Hillary's human moment was sparked when a woman at a Portsmouth, N.H., event asked a personal question: "How do you do it? I mean, as a woman, I know how hard it is to get out of the house and get ready. Who does your hair?"

Clinton laughed and said she gets help with her hair most days. Then came the emotion as she segued into her deeply held conviction that she is the only person who can save this country.

"I couldn't do it if I didn't passionately believe it was the right thing to do. I have so many opportunities from this country, I just don't want to see us fall backwards."

What she meant, of course, was that she doesn't want to see herself fall backward. That subtext was clear as she continued:

"You know, this is very personal for me. It's not political. ... I see what's happening. ... It's about our country. It's about our kids' futures.

And it's really about all of us together."

Well, yes and no. It's about those things, but it's mostly about Hillary and Bill, who cut their deal and sealed their fates long ago. Bill had his turn at the presidency and now it is hers. We're talking destiny here.

And dues.

Hillary has paid hers and then some. She endured the humiliation of Bill's serial philandering and supported his career, while nursing the knowledge that she was the smarter one, if not as charming.

For this moment, she has bided her time and bitten her lip.

There are lots of ways to be married and it's no one's concern how couples manage their own in private. But in public, the Clintons' fate is also our nation's. Their marital vows included a blueprint for leading the country, first as a "two-fer" and later with the former president slated to star as "first laddie."

Then along came that upstart Obama — from Hillary's hometown of Chicago, of all places — and African-American, too.
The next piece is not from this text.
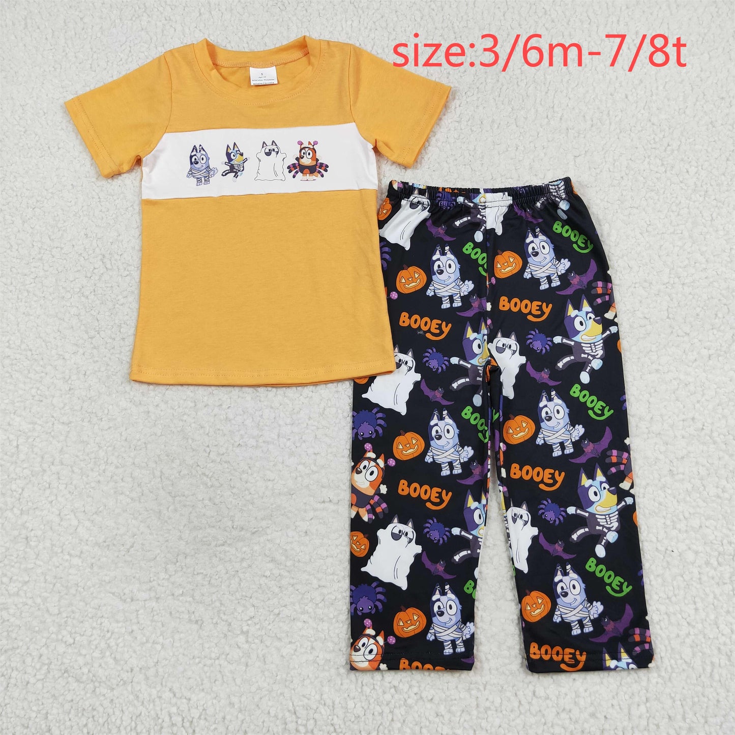 RTS NO MOQ BSPO0406 bluey Halloween spider pumpkin lantern orange short-sleeved trousers suit

How does a woman tell a black it's not his turn?

No one's face was longer than Bill Clinton's in Iowa as Hillary conceded Obama's victory. Looking aged and depressed, he was a portrait of the optimist miscast as a stoic.

After Hillary's win in New Hampshire, Bill was back to his old boyish self, wiping away fake tears as he thanked voters for their support. The comeback kids were once again on familiar turf, basking in the glow of affirmation, released for a time from the insult of a public that doesn't mirror their own self-regard.

So yes, Hillary's choke was as real as Bill's relief, but both are tied to something bigger than our country's or our kids' future. They're tied to the Clintons' future. The question in defeat is: How do Bill and Hillary live the rest of their lives?

"This is one of the most important elections America's ever faced," Hillary said. And she wasn't just whistling Dixie.